Caches tool call results based on tool name and arguments. When a tool is called with the same name and arguments as a previous call, the cached result is returned immediately without re-executing the tool.

```typescript
import { chat } from "@tanstack/ai";
import { toolCacheMiddleware } from "@tanstack/ai/middlewares";

const stream = chat({
  adapter: openaiText("gpt-5.5"),
  messages,
  tools: [weatherTool, stockTool],
  middleware: [
    toolCacheMiddleware({
      ttl: 60_000, // Cache entries expire after 60 seconds
      maxSize: 50, // Keep at most 50 entries (LRU eviction)
      toolNames: ["getWeather"], // Only cache specific tools
    }),
  ],
});
```

**Options:**

| Option | Type | Default | Description |
|--------|------|---------|-------------|
| `maxSize` | `number` | `100` | Maximum cache entries. Oldest evicted first (LRU). Only applies to the default in-memory storage. |
| `ttl` | `number` | `Infinity` | Time-to-live in milliseconds. Expired entries are not served. |
| `toolNames` | `string[]` | All tools | Only cache these tools. Others pass through. |
| `keyFn` | `(toolName, args) => string` | `JSON.stringify([toolName, args])` | Custom cache key derivation. |
| `storage` | `ToolCacheStorage` | In-memory Map | Custom storage backend.
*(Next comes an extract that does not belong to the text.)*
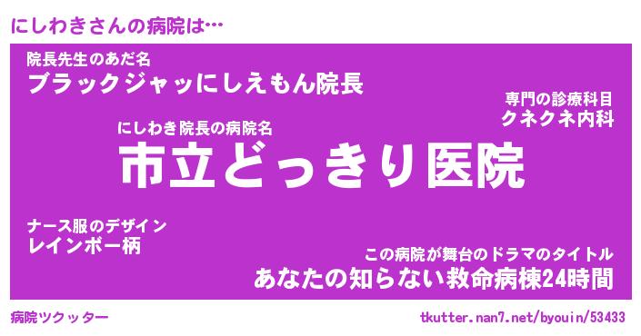 | 肩書あだ名 | 『にしわき御曹司』『にしわき大統領』 |

When provided, `maxSize` is ignored — the storage manages its own capacity. |

**Behaviors:**

- Only successful tool calls are cached — errors are never stored
- Cache hits trigger `{ type: 'skip', result }` via `onBeforeToolCall`
- LRU eviction: when `maxSize` is reached, the oldest entry is removed (default storage only)
- Cache hits refresh the entry's LRU position (moved to most-recently-used)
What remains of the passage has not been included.